On Sun, 14 Mar 1999 08:44:36 -0600 "Roy Koeppe" <royanjoy@ncn.net>
writes:
>
>A question I have is : Is there a problem with too much of a good
>thing?
>I wind my chokes so that no resonances fall within a desired
>operating
>frequency. The belief is that it contributes to stability by not
>having
>another potential tuned circuit to deal with.
>Guess I'm of the old school that remembers putting a resistor across
>a
>choke to de- Q it without really examining the reason.
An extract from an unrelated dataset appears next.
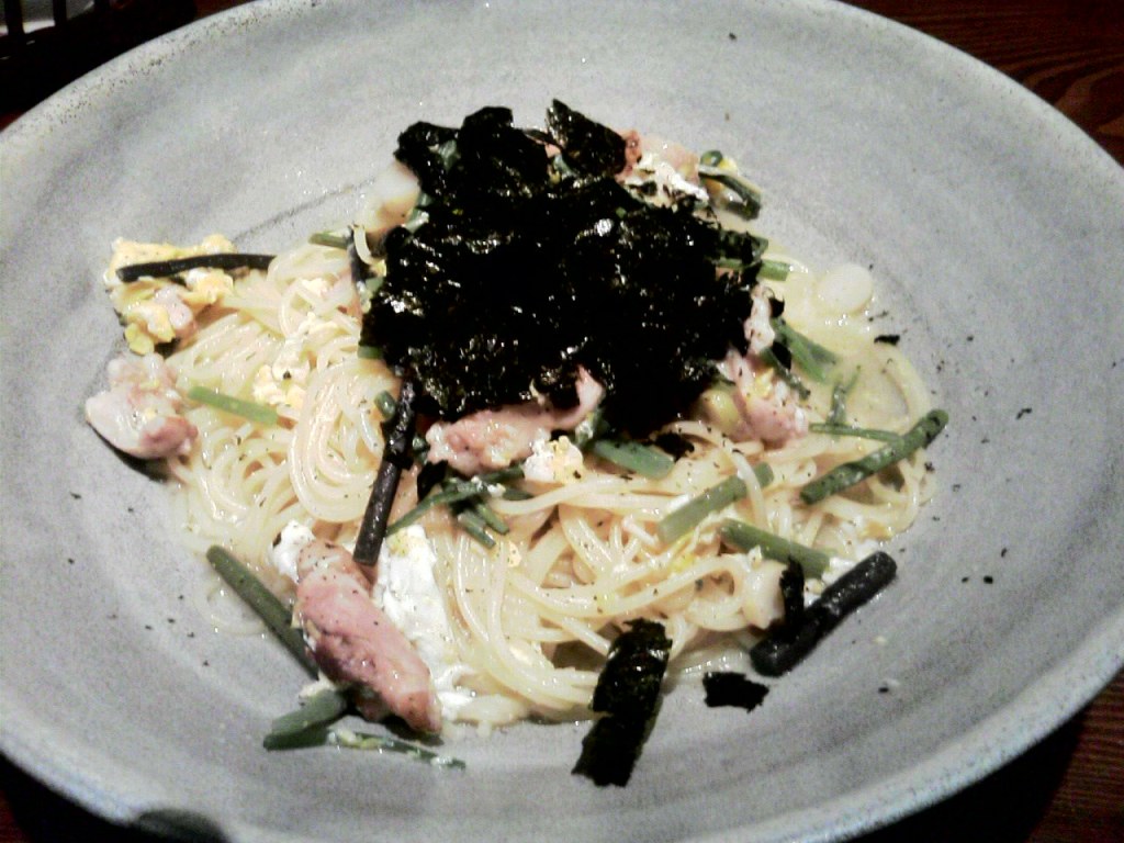 和風のパスタ。 細い麺がうれしい。 福岡の天神にあるお店。 女性が多かったのですが、皆さんおいしいところはちゃんと知っているのですね(笑)

>I have noted that in a 6M amp, when I place the series resonance
>around
>70MHz the amp is extremely easy to tame. That is not the case when
>the
>resonance is around 50MHz. Something to do with poor input to output
>isolation in a GG amp ??
>
>Hi Carl; you wrote the above (and I'm sure you meant to say PARALLEL
>resonances in the above),
Thats what happens when you get interrupted while typing. I had meant to
say placing the series resonance above 70MHz in one instance and then
another design had the parallel resonance at 50MHz which was not entirely
stable until I moved that above 60MHz.
The final design took some juggling around since I also had to worry
about second harmonic RF and series resonance.
>
>Well, when a choke is resonant ABOVE the operating frequency, I too
>notice
>things go easier. I'm used to that condition on 160M, where a
>self-parallel-resonant choke, an inch in diameter requires about 350
>turns!
>So in this case I went for a parallel resonance closer to 80M or
>even
>above. (For the reasons you listed in an earlier post--difficulties on
>the
>higher bands with many turns). With the resonance above F-Op, the
>choke
>reflects what I have heard called, "negative inductive reactance" into
>the
>tank circuit. It has that familiar effect of canceling some of the
>capacity
>of C1, forcing us to increase the value of C1 higher than predicted.
>More
>circulating current also flows in the choke winding.
>
>Now, when the choke's fundamental resonance is right on F-Op, no
>reactance
>is reflected in, and the choke's Z is very high indeed. I'm doing this
>on
>80M. But, the same choke on 40M reflects "negative capacitive
>reactance"
>into the tank, causing C1 to be smaller than predicted, and again
>some
>additional circulating current flows in the choke. All this tested by
>dipping, and on the air. (This amp now covers only 80M at present,
>purist
>style). Above 40M a series resonant mode happens, so this
>single-segment
>choke is not for multi-band use at all.
>
>About your instability situation, the type of reactance your tank
>"sees"
>with the 50 mHz or the 70 mHz resonance inserted, must be influenced
>in
>much the same manner as if you placed a small shunt cap across the
>choke to
>ground, or did not do so. The reactance of the higher-resonace choke
>must
>counteract some other undesireable VHF resonance, maybe? That's all I
>can
>come up with, but it's fun imagining :-)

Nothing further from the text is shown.